8. For each variant DNA target sequence, either the forward primer or the reverse primer of the primer pair is a conventional primer. The method according to claim 7.
9. If the docking sequence and palm sequence of the primer hybridize with either a mutant DNA target sequence or a wild-type DNA target sequence, the probability that the multipart amplification primer / wild-type DNA target sequence hybrid will be extended during that cycle is at least 1,000 times lower than the probability that the multipart amplification primer / mutant DNA target sequence hybrid will be extended during that cycle. This is supported by a difference in the number of thermal cycles (ΔCq) of at least 10. The method according to claim 7 or 8.
10. The forward primer and reverse primer of the forward primer and reverse primer pair are the multipart amplification primers described in any one of claims 1 to 6. The forward primer has a mutation-specific nucleotide that is complementary to the mutation site in one of the two strands of the mutant DNA target sequence. The reverse primer has a mutation-specific nucleotide that is complementary to the other mutant DNA target sequence in the other strand of the double helix of the mutant DNA target sequence, thereby allowing one primer to bind to the target strand. The other primer binds to its complementary target chain. The method according to any one of claims 7 to 9.

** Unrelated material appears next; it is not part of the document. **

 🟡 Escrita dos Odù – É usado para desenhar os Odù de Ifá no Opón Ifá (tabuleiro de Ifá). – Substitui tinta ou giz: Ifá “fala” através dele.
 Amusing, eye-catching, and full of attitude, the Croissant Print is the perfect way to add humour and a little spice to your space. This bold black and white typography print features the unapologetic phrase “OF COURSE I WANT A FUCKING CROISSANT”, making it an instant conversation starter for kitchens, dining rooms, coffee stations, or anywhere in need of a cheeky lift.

11. The closely related wild-type DNA target sequence differs from the mutant DNA target sequence by one base. The method according to any one of claims 7 to 10.

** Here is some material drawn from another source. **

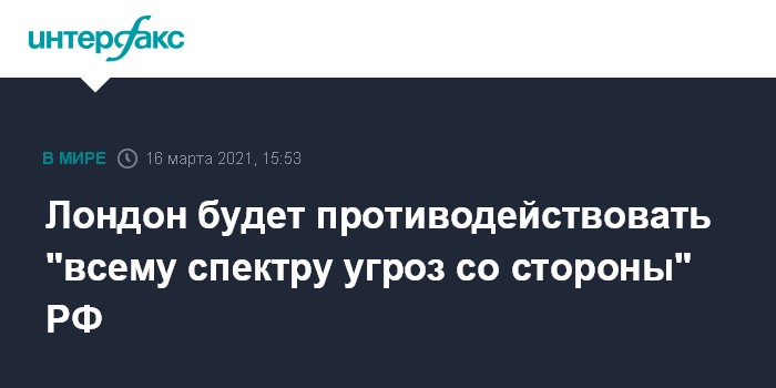 Москва. 16 марта. INTERFAX.RU - Великобритания будет предпринимать контрмеры против всех типов угроз, которые несет Россия, говорится в обнародованном обзоре внешнеполитической стратегии британских властей.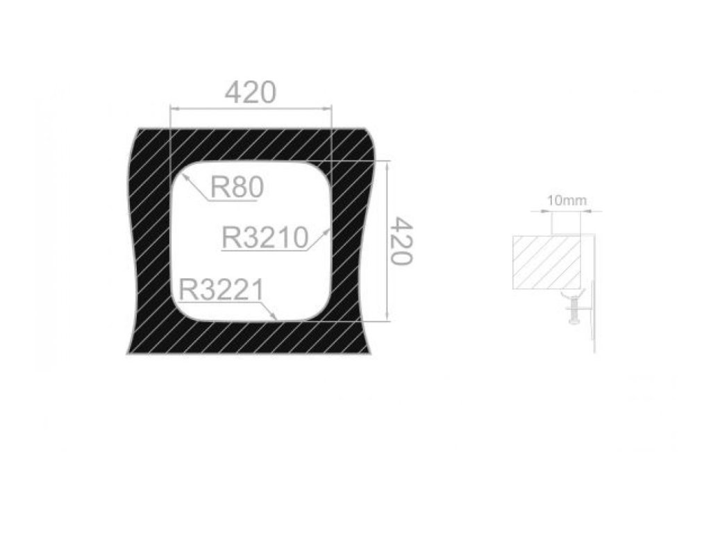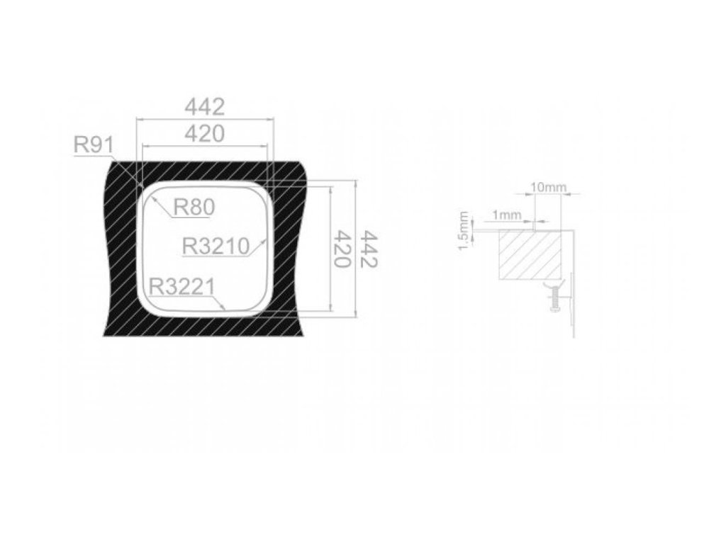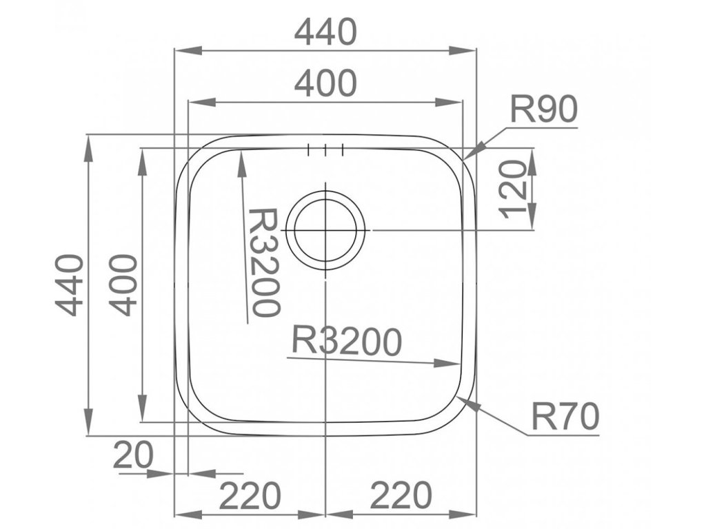 Vonkajšie rozmery drezu sú: 440 x 440 mm

12. The docking sequence hybridizes with mutant and wild-type DNA target sequences at the primer annealing temperature. The method according to any one of claims 7 to 11.

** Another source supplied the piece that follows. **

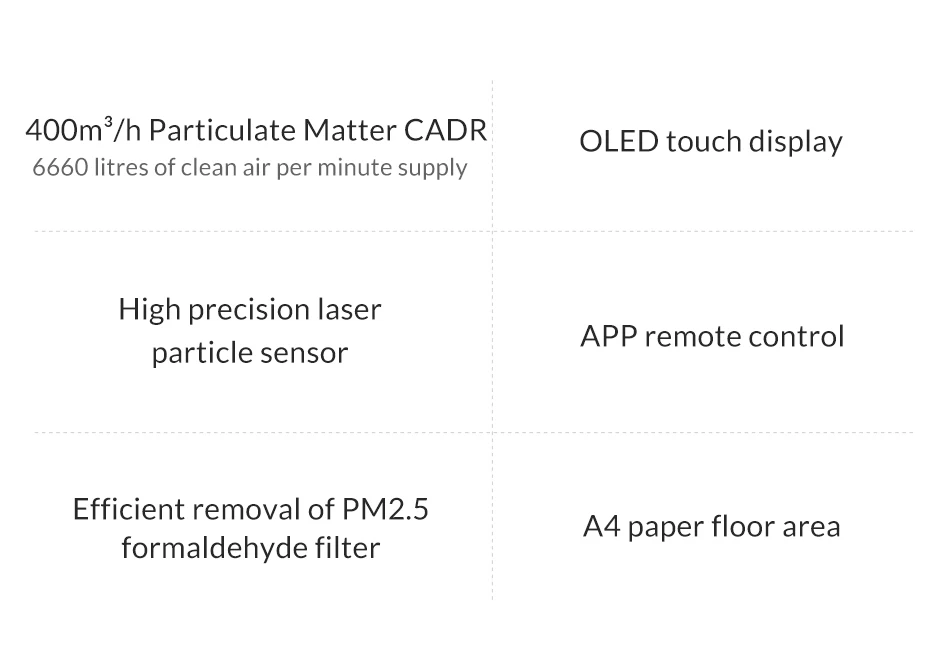Сенсорный дисплей OLEDВысокоточный лазерный датчик частиц/пульт дистанционного управленияЭффективное удаление формальдегида PM2.5/Площадь бумажного пола А4

13. The primer-dependent amplification mixture of step (b) further comprises homogeneous fluorescence detection means for detecting the amplification product, and Step (d) includes detecting at least one mutant DNA target sequence by measuring the fluorescence intensity emitted from the homogeneous fluorescence detection means. The method according to any one of claims 7 to 12.
14. The primer-dependent amplification and detection method is polymerase chain reaction (PCR), and the detection is real-time (RT) detection. The method according to claim 13.
15. For each mutant DNA target sequence, a mixture containing 10,000 copies of closely related wild-type DNA target sequences that differ from the mutant DNA target sequence by only one or two base pairs can amplify and detect at least one mutant DNA target sequence, of which only 10 copies exist, in the sample. The method according to any one of claims 7 to 14.